Dreamers imagine this: a form of electricity which emits to the atmosphere ZERO carbon dioxide emissions, while being affordable.
Dreamers imagining, you are engaging the vision proposed by MIT researcher Dr. Thomas Adams and Lammot du Pont professor of Chemical Engineering, Paul I. Barton.

Their system uses solid-oxide fuel cells to produce power from fuel without burning it. The electricity generating system runs on natural gas, plentiful to the point of lasting approximately 60 years at current consumption rates.

Such innovations like these are what we are in such dire need of. As it stands today, natural-gas power plants produce an average of 1,135 pounds of carbon dioxide for every megawatt-hour of electricity that is produced; while natural gas accounts for only 22% of electricity production.

The system of solid-oxide fuel cells would eliminate harmful gas emissions, and only release pure carbon dioxide into the air. The process of carbon capture and sequestration (CCS) would store the carbon dioxide underground. The same cell system would also produce clean water, useable for a plethora of purposes.

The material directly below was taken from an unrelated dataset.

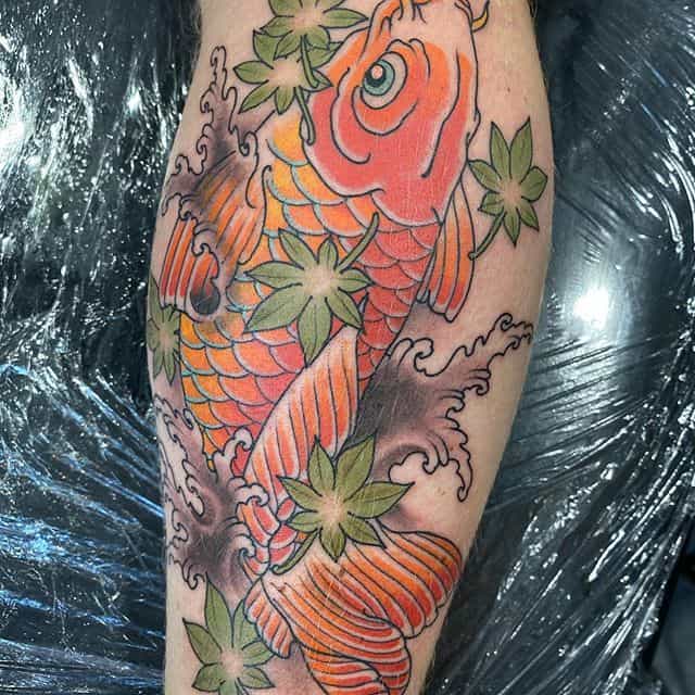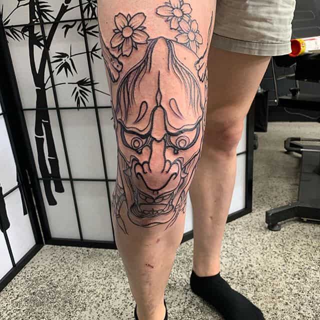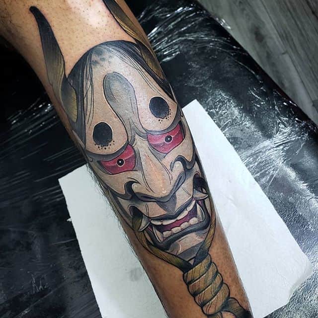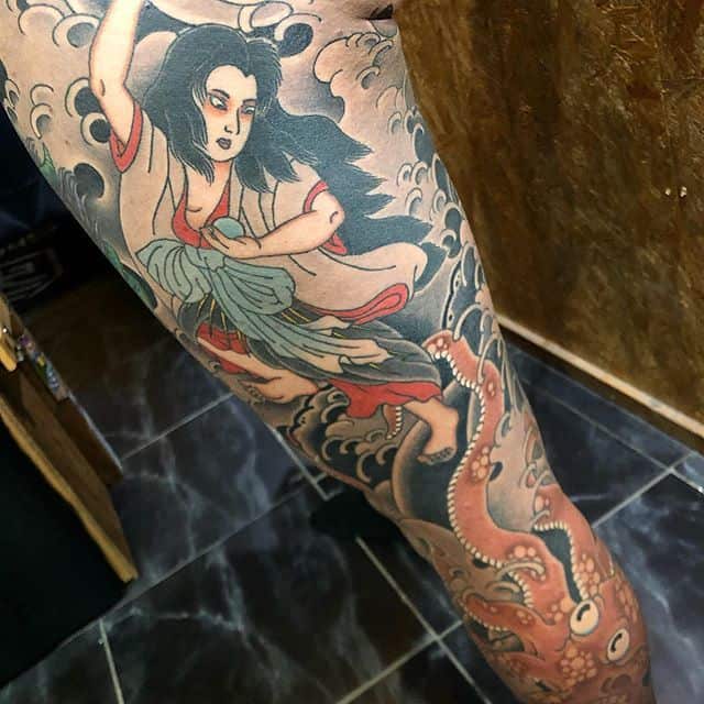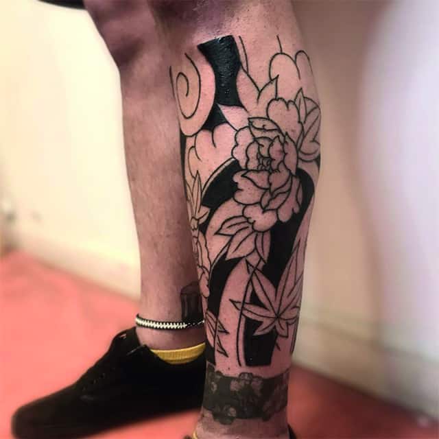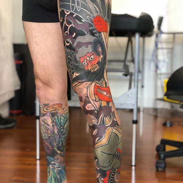 Японські татуювання на нозі – це зазвичай масштабні картини зі складним сюжетом. Вони яскраві, включають зображення тварин, квітів. Часто поєднуються кілька символів. Порожні місця між ними заповнюються візерунками або орнаментом.

Carbon Capture Sequestration involves separating out the carbon dioxide from other gases and injecting the potentially harmful gases into deep geological formations, keeping them from heading out into the atmosphere.

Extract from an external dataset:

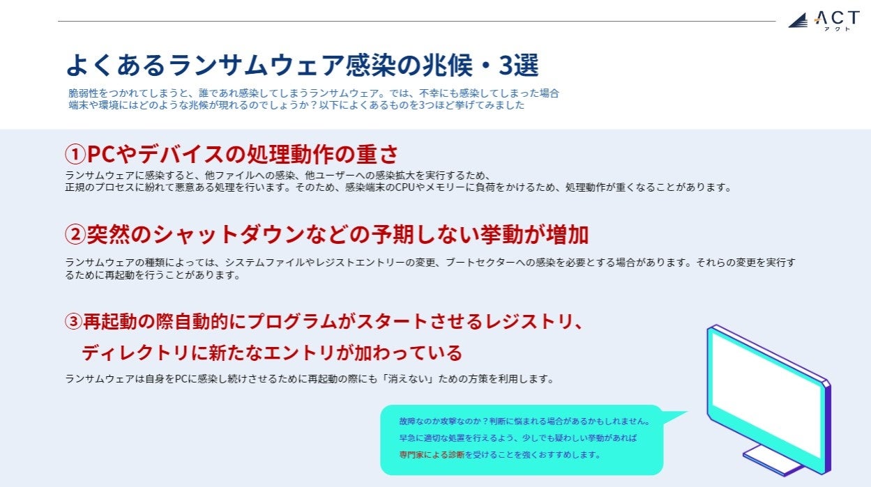 アクト、ホワイトペーパー「ランサムウェア感染の兆候」を公開

While the cheapest fuel will always be pulverized coal, the system designed by Adams and Barton comes fantastically close.

A very low level of carbon tax, about $5 to $10 per ton, would make the technology cheaper than coal plants. Combined-cycle natural gas plants, the most efficient type of fossil-fuel power plants, could be set up with a carbon capture system, thereby reducing the output of greenhouse gases by more than 90% at a comparable cost and even with a substantially higher efficiency. Once there is a form of carbon pricing, the true price exacted on the environment by greenhouse gas emissions will be known and seen by all.

Prototype megawatt-scale plants are planned for 2012. Once the system has been proved at any size, it may be increased to fill the need.
Ultimately an instance of innovation by and for the dreamers.